Areas such as technology use and IT infrastructure in relation to processing and storing personal data will be explored along with staff day to day common practice. Raising awareness amongst staff and refining practice will form an essential part of preparing an establishment for the GDPR requirements.
Current data protection policies and practices will need to be reviewed and updated in order to be compliant with the GDPR from 25th May 2018. Accountability and governance is a big part of the changes and establishments will need to provide evidence on how they are complicating with the GDPR. Ofsted have been involved in the past with the ICO in relation to schools and non-compliance of the Data Protection Act 1998 and therefore assume that this will continue to be so under the GDPR requirements. None compliance of the GDPR could result in heavy financial penalties being paid.

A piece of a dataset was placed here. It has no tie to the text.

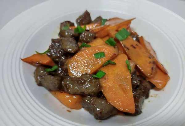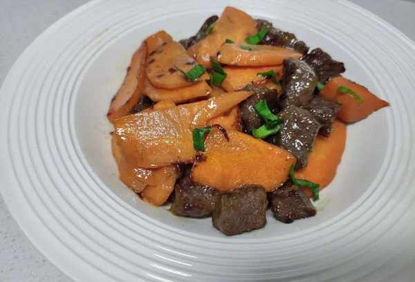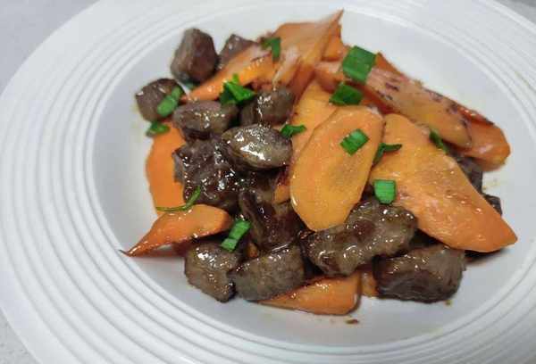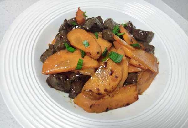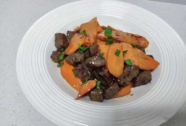 很快,一份牛肉块和胡萝卜就完美了。里面的牛肉块很新鲜,很有嚼劲。胡萝卜香甜可口,一起煮营养和风味更上一层楼。孩子不爱吃肉片,可以试试这个方法,很不错。

This course will enable you to:
- Better understand the changes the GDPR will bring and what this means for your school - take back practical advice for compliance; taking action now to prepare for 25th May 2018;
- Create an action plan and begin an information assets audit;
- Support existing self-assessment and record management procedures and practice;
- Identify risks and make sure that appropriate mitigation are in place;
- Ensure that reasonable measures have been taken to protect data.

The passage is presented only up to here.